I watched with horror as millions spent 40 bucks on what was literally, back then, a CLIENT for a pay to play game..

 

 The original release didn't even include a month or whatever of time to play the game without paying the subscription.

 

 Yet there they were, lining up forking over their hard earned cash like sheep to the slaughter..

 

I think Game developers realized just how misinformed the average customer could be..

 

 The industry has been on a downwards spiral since. Steam was definitely released as a DRM method. It did, however grow into somethi9ng better but what you say is true.. I can only see the industry continuing the terrible trends (DLC's "pay2win, or "freemium" as they are calling it now, always online, sequels from hell..etc)

 

it thrives because people will always forget, in their mad rush to play the latest hyped game, that they can vote this stuff away forever with their wallets.

mogqwai
mogqwai

 @Gelugon_baat With Guild Wars, you can play the entire original game with just paying for the game itself.

 

 It's no different than how games used to be sold, you buy a game and you can play it all you want, without any other fees.

 

If you mean the expansions as 'premium content' then yeah, there's expansions.

 

To be honest that sort of thing never bothered me, like DLC's do.
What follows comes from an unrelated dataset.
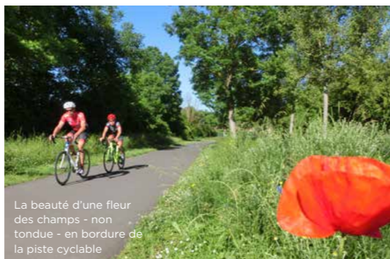
La beauté d'une fleur des champs - non tondue - en bordure de la piste cyclable

Le cycle de l'eau est aujourd'hui intégralement affecté par le dérèglement climatique : perturbation des régimes pluviométriques, du ruissellement, du niveau des mers... Ces changements ont de fortes répercussions sur les milieux aquatiques, ainsi que sur l'ensemble de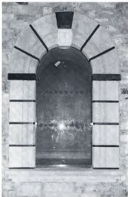
S'INAUGURA EL NOU RETAULE DE SANT PATLLARI

You get something bigger than just some lame new weapon for your money, in fact Guild Wars Expansions were stand alone games in their own right, so it was done well IMO.

 

I bought the whole set and never regretted any of them, nor was I ever charged for anything else once I paid the entrance fee.

 

 It wasn't a rip off, and it was good fun, In fact the servers for the original are still running strong, even though Guild Wars II is right around the corner, how many other companies have done that?

 

NCSoft is a company I have no problems buying games from.

mogqwai
mogqwai

 @Gelugon_baat Oh hell no!

 

 I never bought Everquest or WoW (I did get Guild Wars because, to me that is an MMO model done right)

 

I never bought Diablo III etc.. ... I will stick with games that give me more fun than head aches.. and there are still a LOT of good games that way.